### EXERCISE DIRECTIONS:
For this exercise, write out the whole listing below exactly, omitting its images.

### DATA EXTRACT:
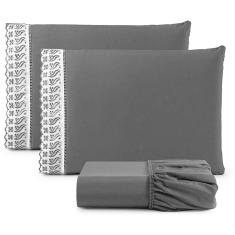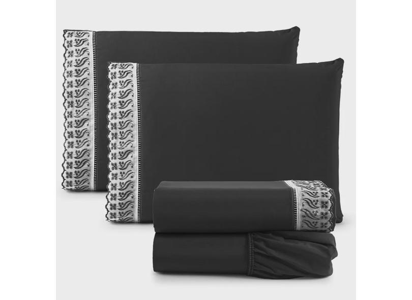O menor preço encontrado no Brasil para Jogo de Lençol Casal Suave Barrado Lese 3 Peças Barato - Preto atualmente é R$ 80,82.
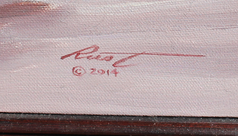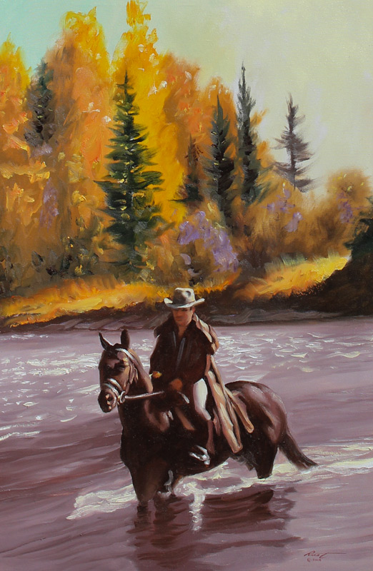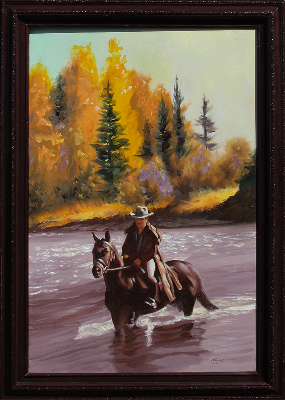 RUST, Don, (American, 1932-): Cowboy on Horseback Crossing River, Oil/Canvas, 36'' x 24'', signed lower right, dated 2014, framed, 42'' x 30''.
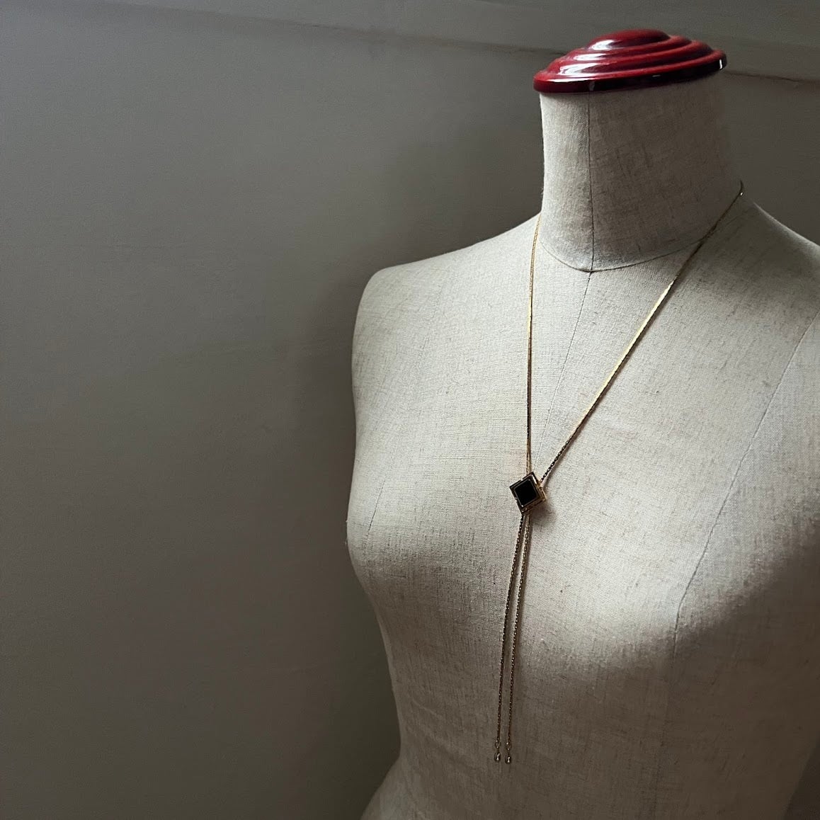 ブラックの天然石がシックに輝く、ループタイのネックレスです
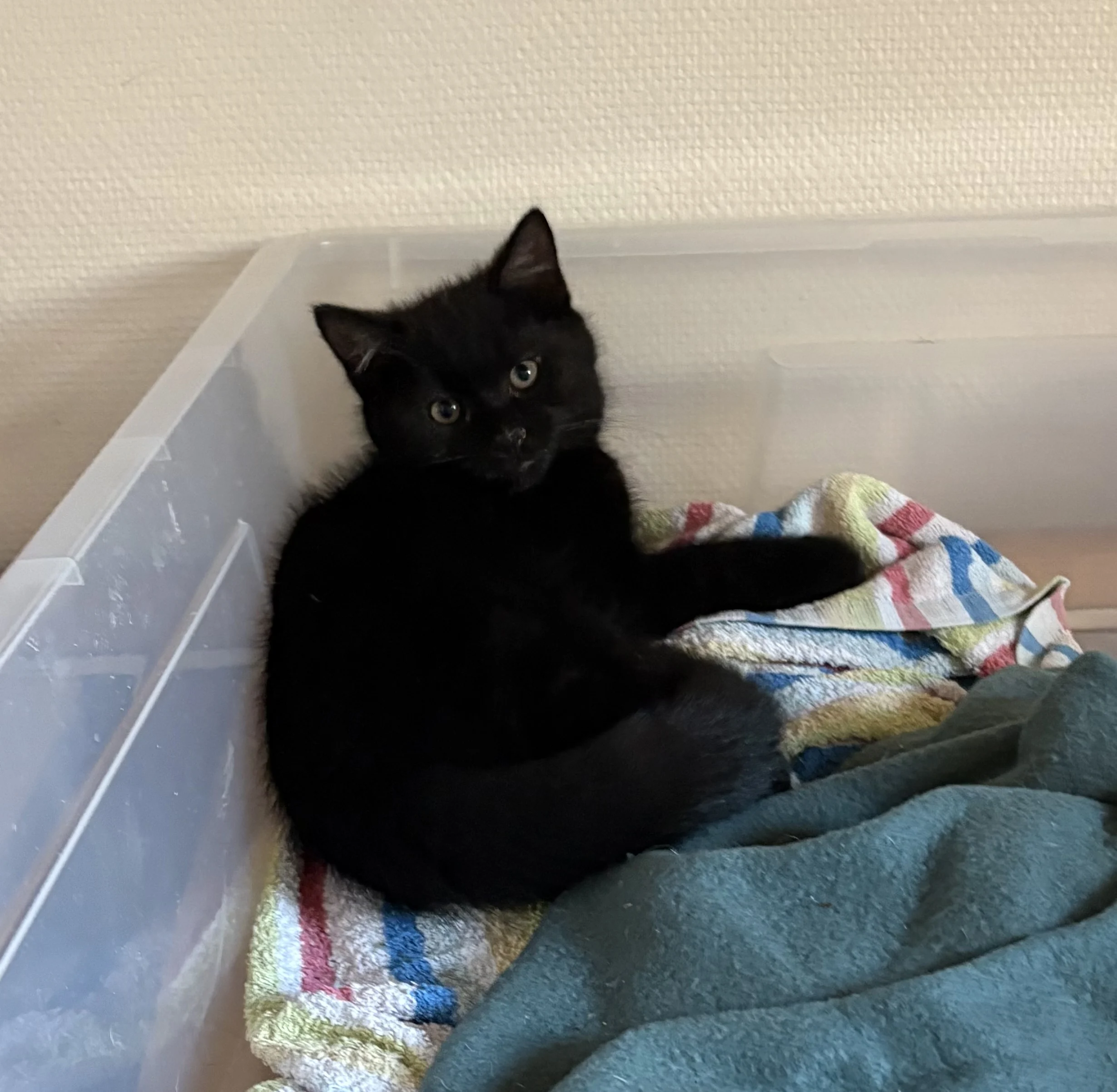 Den här lilla kattungen är full av lekglädje och nyfikenhet – bollar, fjäderleksaker eller prasslande papper, allt är spännande när han upptäcker världen. Han är fortfarande lite blyg och tar nya situationer försiktigt, men med tid och tålamod vågar han mer och mer.

### YOUR RESPONSE:
O menor preço encontrado no Brasil para Jogo de Lençol Casal Suave Barrado Lese 3 Peças Barato - Preto atualmente é R$ 80,82.
 RUST, Don, (American, 1932-): Cowboy on Horseback Crossing River, Oil/Canvas, 36'' x 24'', signed lower right, dated 2014, framed, 42'' x 30''.
 ブラックの天然石がシックに輝く、ループタイのネックレスです
 Den här lilla kattungen är full av lekglädje och nyfikenhet – bollar, fjäderleksaker eller prasslande papper, allt är spännande när han upptäcker världen. Han är fortfarande lite blyg och tar nya situationer försiktigt, men med tid och tålamod vågar han mer och mer.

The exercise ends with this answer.